Patrick, a former U.S. Secret Service agent and owner of a security consulting firm, noted that Barfield’s bill was the third piece of school-security legislation that the subcommittee had heard this year. H. 3601 was preceded by legislation that would expand the existing school-resource officer program statewide and another bill that would require every school to employ a full-time school psychologist to identify children in need of mental health counseling.

“All well-intentioned efforts,” said Patrick, “but at the end of the day are we really addressing what the core of the problem is, and are these the best approaches to solving that problem?”

Mark Keel, the State Law Enforcement Division chief, voiced his opposition to Barfield’s bill during Wednesday’s hearing.

“We strongly believe that those officers in our schools, protecting our schools, should be fully certified officers,” Keel told the subcommittee. “I don’t think that this bill accomplishes the amount of training that should be given to an officer that is protecting our children.”

Patrick agreed.

“The proficiency needed to respond to these active shooter situations is not something that can be taught in two weeks,” he said. “We need to be more proactive in the way we respond to these situations. I think the School Resource Officer program is a great program. I don’t know that it necessarily fully addresses the problems we see in our schools relative to targeted violence.”

“We can do that with a very low cost by training stakeholders already existing in the school to identify threats, to assess that threat and to manage that threat,” Patrick continued. “Teachers can be trained to identify behaviors of individuals that are of concern.”

Contacted last week by The Nerve, Hubert Harrell, the Criminal Justice Academy’s director, explained that the differences between the classes of certification are based on the amount of training that is required.
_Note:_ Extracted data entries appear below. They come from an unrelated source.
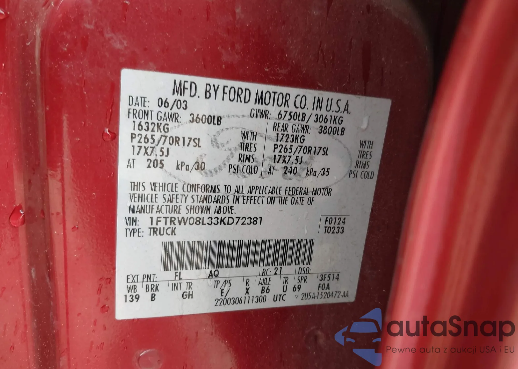 LOT: 41898308 VIN: 1FTSX21576ED57407
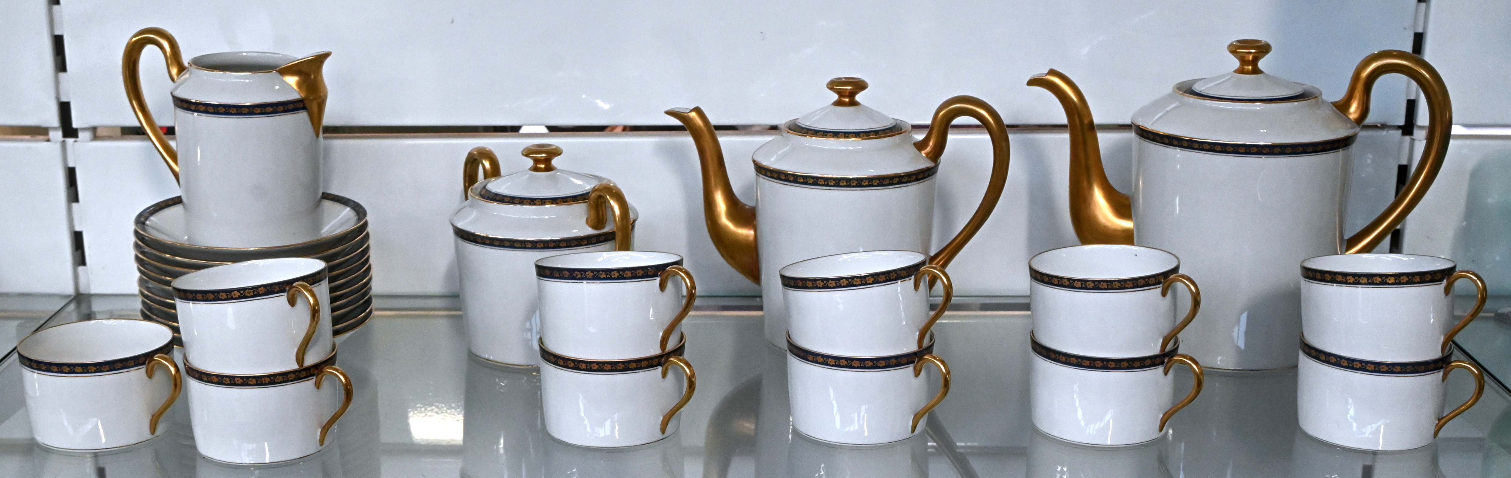 #300Epiag RoyalEen eetservies van porselein met zwarte en vergulde randen waaronder, drie grote borden, 31 platte borden, 15 diepe borden, 12 dessertborden, drie kommen met deksel, twee sauskommen en een pralinebordje.
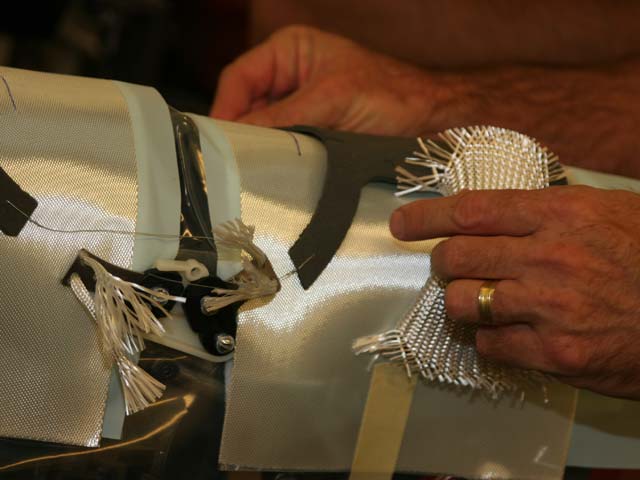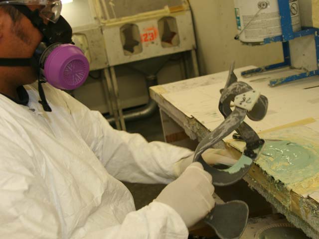 После того как рама сформирована, проклеена, материал полимеризовался и застыл, рабочие осматривают ее на предмет обнаружения дефектов и убирают лишнее (наплывы, напуски стеклоткани, потёки и пр.) оставшееся после процесса полимеризации.
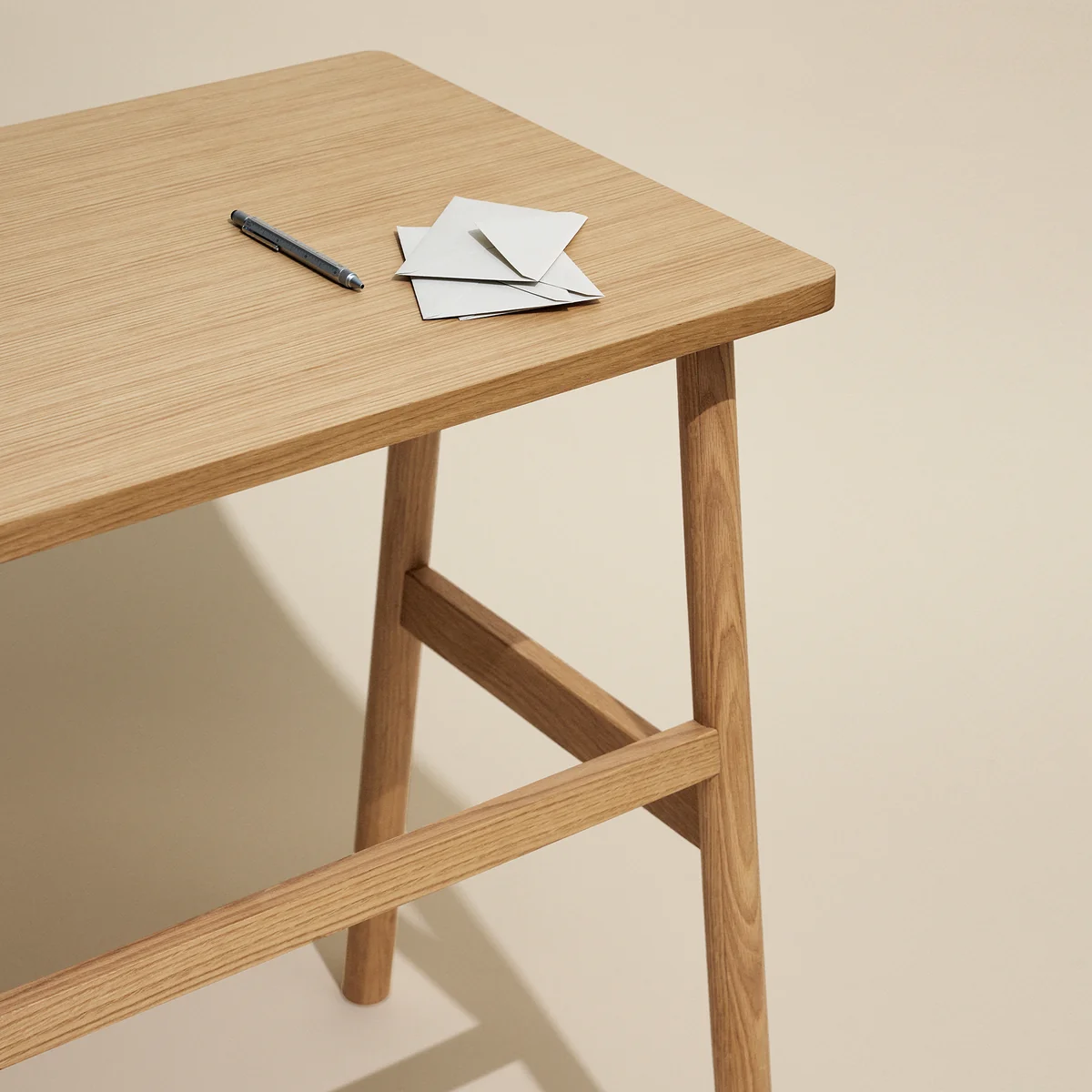 Het Acorn bureau van het Deense bedrijf Hübsch Interior is een geweldige aanvulling op de woonkamer met zijn duidelijk ontworpen lijnen en structuren. Het bureau is gemaakt van FSC-gecertificeerd eikenfineer en maakt indruk met zijn licht uitlopende voorkant en rechte achterpoten. De rechte, smalle houten stijlen zorgen voor een minimalistische uitstraling.

Class I officers – the typical full-time officers employed by police departments – receive 12 weeks of training.

The other state certification levels are as follows, according to Harrell:

  • Class II officers are jailers or those who work in detention settings.
  • Class III officers are limited-duty officers who work security at a courthouse or other public buildings. Those buildings are the limit of their arrest authority.
  • Class IV officers are tactical communication officers; Barfield’s bill would add school security officers to this category

“Two weeks is barely enough to teach a person,” Harrell told the subcommittee at Wednesday’s hearing. “I can’t even imagine the liability concerned with somebody that only has two weeks of training that’s carrying a firearm in a school.”

“Class I officers, in my opinion, is the way to go,” he continued. “We train them hard; we talk to them about active shooters; and they get all kinds of scenario training.”

The projected fiscal impact of Barfield’s bill has yet to be determined by the Office of State Budget, but the taxpayer costs likely would be in the millions. Harrell estimated the cost at about $2 million annually when asked by a subcommittee member, though he didn’t provide specifics.

The S.C. Law Enforcement Training Council, which governs the Criminal Justice Academy and is made up of an eleven-member board including the state attorney general, SLED chief and the S.C. Department of Corrections director, would determine the guidelines for the two-week training program under Barfield’s bill.

“I can’t tell them how to legislate,” Harrell told The Nerve. “All I can do is advise them. Everybody would like to get out of this as cheaply as possible. But we have learned from experience, from the things that have happened around the country, the officer has to be savvy. He has to have experience.”

Asked about other methods to protect schools, Harrell said there are several steps the state can take to prevent tragedies such as the one at Sandy Hook Elementary School.

“Making it more difficult to get to (school) building is one,” Harrell said. “All of our schools are on campus. Anybody can walk in and off the campus. Having a policeman on planning boards to look at (school) plans and see that certain safety factors are built in.”

“They’re going to all cost money, but we have to decide what to spend our money on,” he added.